» DIRECTIONS
Print all the data that follows exactly, images excluded.

» SOURCE MATERIAL

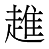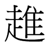 趡【酉集中】【走部】 康熙筆画:15画,部外筆画:8画
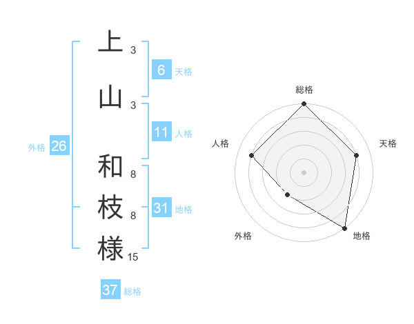 上山 和枝様さんを姓名の画数から五運を鑑定
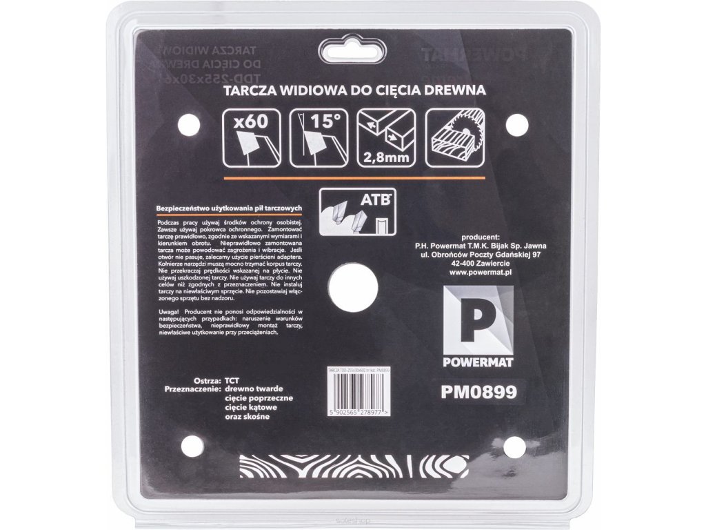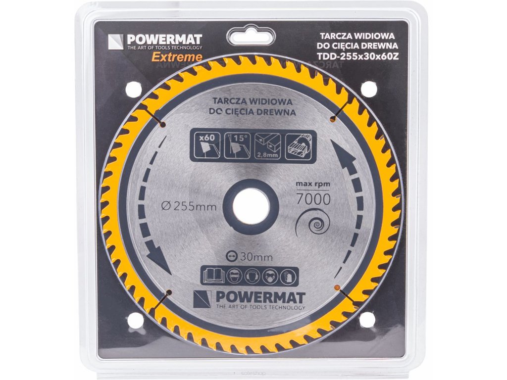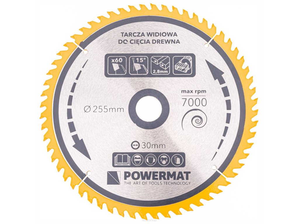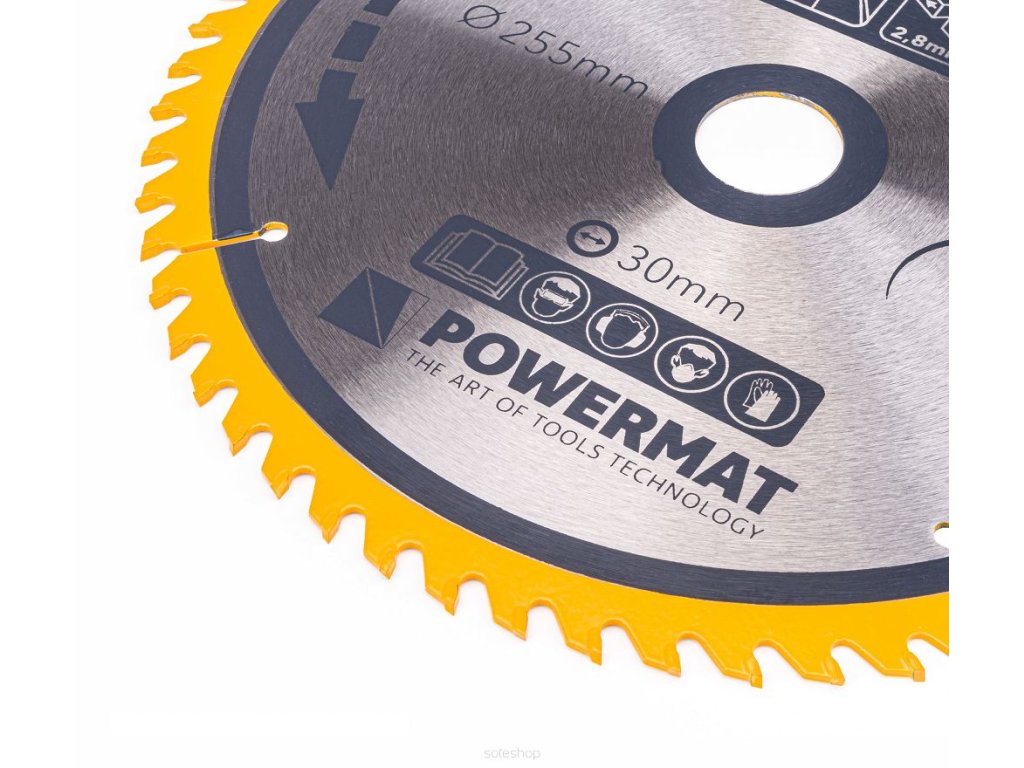 Vidiový kotouč na dřevo 255x30 60z TDD-255x30x60Z, Powermat PM0899 z kalené oceli obsahuje 60 řezných zubů.

» RESULT
 趡【酉集中】【走部】 康熙筆画:15画,部外筆画:8画
 上山 和枝様さんを姓名の画数から五運を鑑定
 Vidiový kotouč na dřevo 255x30 60z TDD-255x30x60Z, Powermat PM0899 z kalené oceli obsahuje 60 řezných zubů.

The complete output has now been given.